Was Sie schon immer über die Künstlersozialabgabe wissen wollten

PRG Newsblog - Was Sie schon immer über die Künstlersozialabgabe wissen wollten?
14.06.2014 Know-how
Übersicht

Wer zahlt die Künstlersozialabgabe für wen und wer profitiert davon?

Generell gilt in Deutschland folgendes Prinzip:

WER IST VERSICHERT UND WER MUSS ZAHLEN?

Freiberufliche tätige Künstler und Publizisten (das sind zum Beispiel Journalisten, Grafikdesigner, Autoren), die mit ihrer künstlerischen oder publizistischen Tätigkeit maßgeblich ihren Lebensunterhalt verdienen, müssen gemäß Künstlersozialversicherungsgesetz der gesetzlichen Sozialversicherung beitreten.

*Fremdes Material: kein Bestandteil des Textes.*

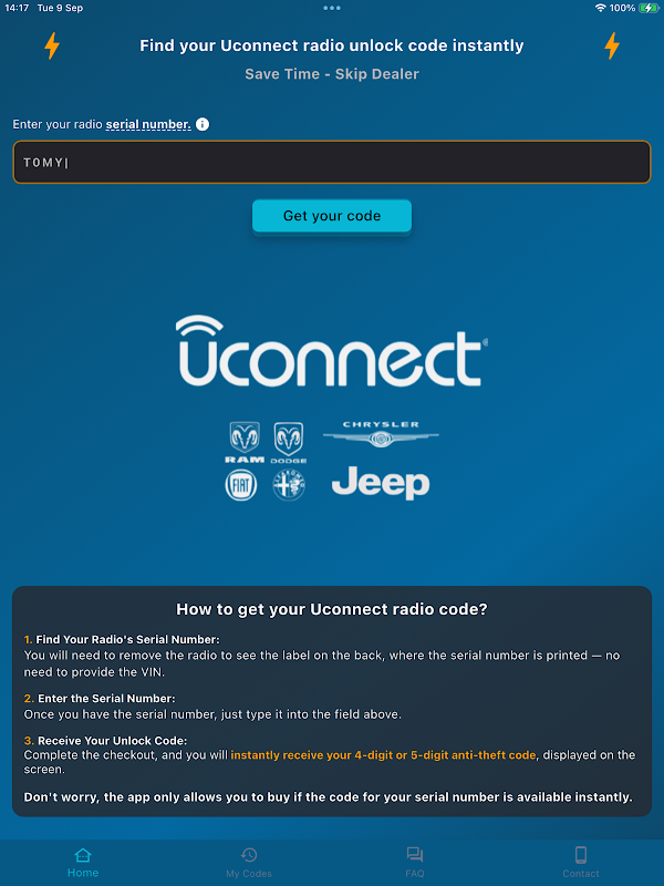 Uconnect Radio Code Instant 1.0.0

Die Beiträge zur Renten-, Kranken- und Pflegeversicherung fließen an die Künstlersozialkasse (KSK) und von dort aus an die Träger der gesetzlichen Sozialversicherung (Renten-, Kranken- und Pflegeversicherung). Die KSK bringt dabei ca. die Hälfte der Beiträge auf, indem sie die Verwerter der Leistungen der Künstler mit einer speziellen Abgabe belastet, der Künstlersozialabgabe (KSA). Den Betrag, der über diesen Weg nicht zusammenkommt, trägt der Bund. Die andere Hälfte tragen die Künstler selbst bei. Dieses Verfahren ähnelt der Lastenteilung, wie sie zwischen Arbeitgebern und Arbeitnehmern im Rahmen der allgemeinen gesetzlichen Sozialversicherung gilt. Allerdings tritt die KSK nur als Mittlerin zwischen die Beteiligten. Der Vorteil für die versicherten Künstler und Publizisten ist, dass sie nur ca. 50 % der Sozialversicherungsbeiträge selbst aufbringen müssen, ähnlich wie fest angestellte Arbeitnehmer. Der Nachteil für die Verwerter als Auftraggeber der Künstler ist, dass sie eine Künstlersozialabgabe, das heißt eine Art indirekten „Arbeitgeberanteils“, zahlen müssen. Unternehmen, die Werke und Leistungen von Künstlern und Publizisten gegen Entgelt verwerten, das heißt Dritten zugänglich machen, zahlen eine (sich jährlich verändernde) Künstlersozialabgabe in Höhe von 5,2 % (Stand 2014). Dieser Satz ist auf die Netto-Honorare aufzuschlagen, die in einem Jahr an freiberufliche Künstler und Publizisten gegen Rechnung gezahlt wurden, und unaufgefordert an die Künstlersozialkasse zu überweisen.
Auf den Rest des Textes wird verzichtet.